1. Respeto by Treb Monteras. Music Video director Monteras successfully transitions to long form with this hip-hop-themed drama with undertones of Martial Law and the current administration’s culture of impunity. I noticed that regardless of taste, this film consistently figures in to any other list of top films this year.
2. Paglipay by Zig Dulay. Though released in 2016 in the Tofarm Film Festival, the film gained second wind this year with a wide release during the Pista ng Pelikulang Pilipino. A quaint and charming story about inter-racial coupling with an outstanding non-actor as its lead, this film’s simplicity won my heart.
3. Bloody Crayons by Topel Lee.
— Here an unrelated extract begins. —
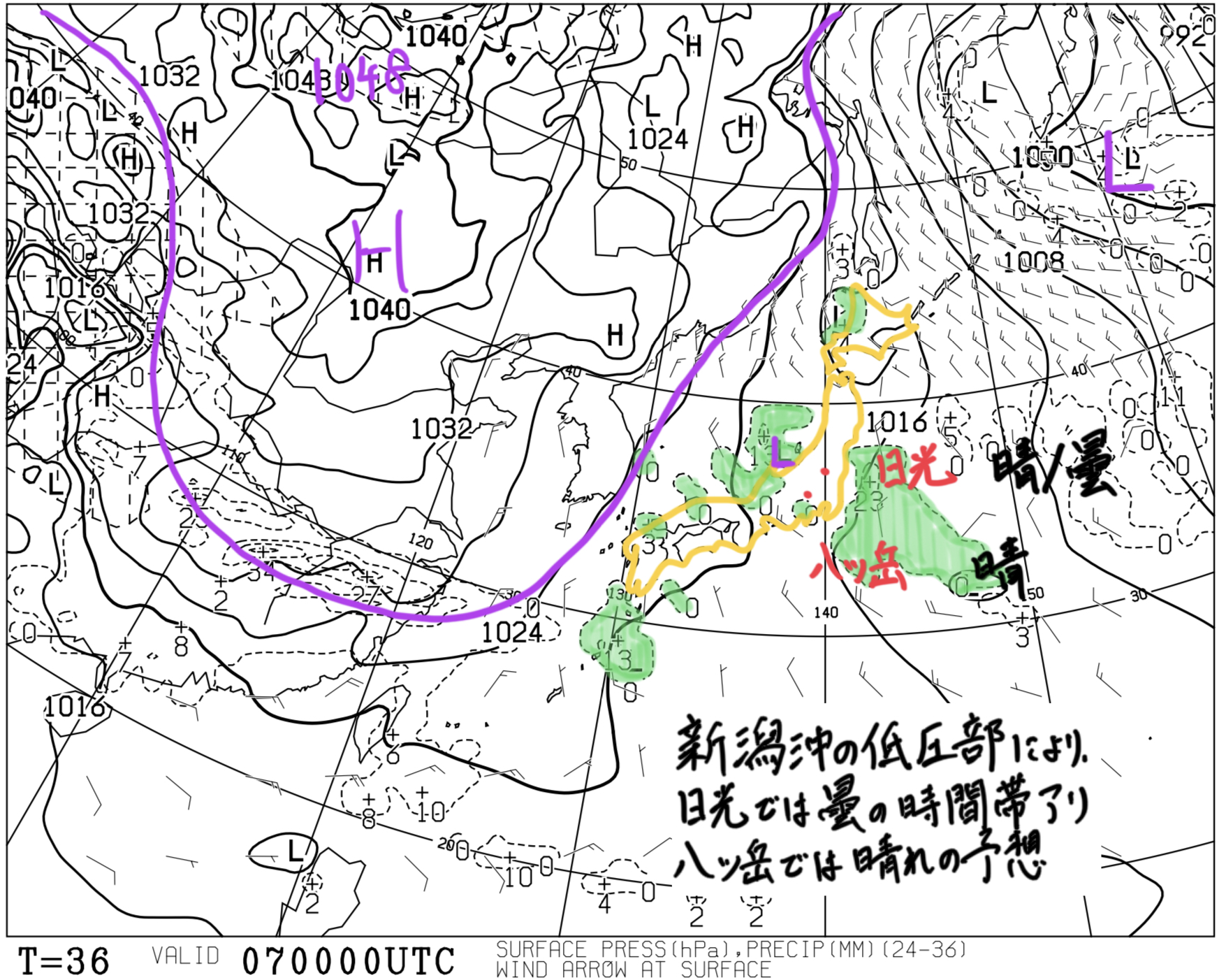 日々の天気図解析 2024/02/27 09:00の予想天気図:日光・大山
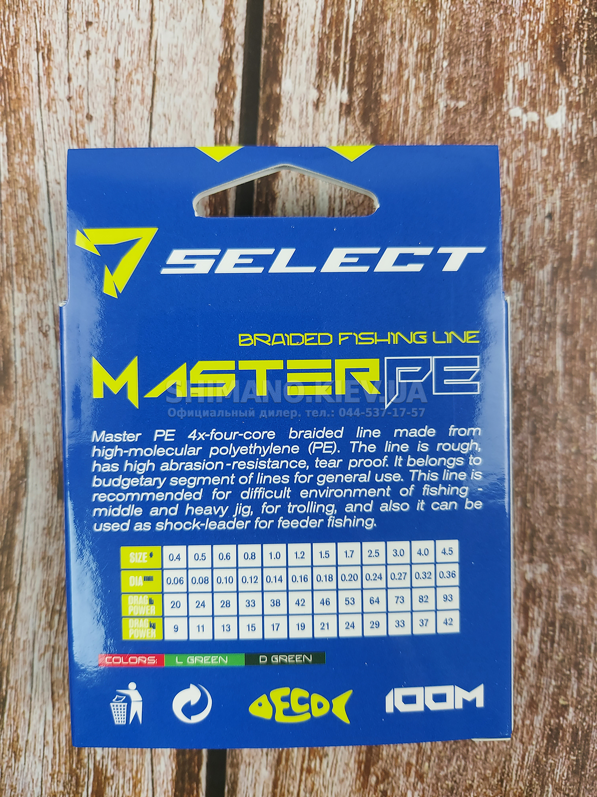 Шнури SELECT Master PE виготовляються з японського матеріалу Nippon Dyneema PE у Тайвані.

Good Filipino thrillers are rare to come by and this is one of them. Though far from perfect, it does provide artful and effective scares along with a competent ensemble of the country’s up and coming, promising young actors.
4. Bliss by Jerrold Tarog. Another thriller of sorts with a complexity like Nolan’s Inception, this blew minds off of a lot of audiences. Though everyone has their own opinion on how it should have been made or portrayed, there’s no denying the craft behind the film with one of the Philippines’s auteurs at the helm. It also earned for the country a Yakushi Pearl Award by Iza Calzado at the Osaka Asian Film Festival.
5. Birdshot by Mikhail Red is our entry to the Oscars’ Best Foreign Language Film category. Though it did not make the cut, the film is still is notable for its atypical storytelling style and visual flair. For 2018, Mik is set to foray in mainstream territory with a horror flick under Star Cinema so that’s something to look out for next year.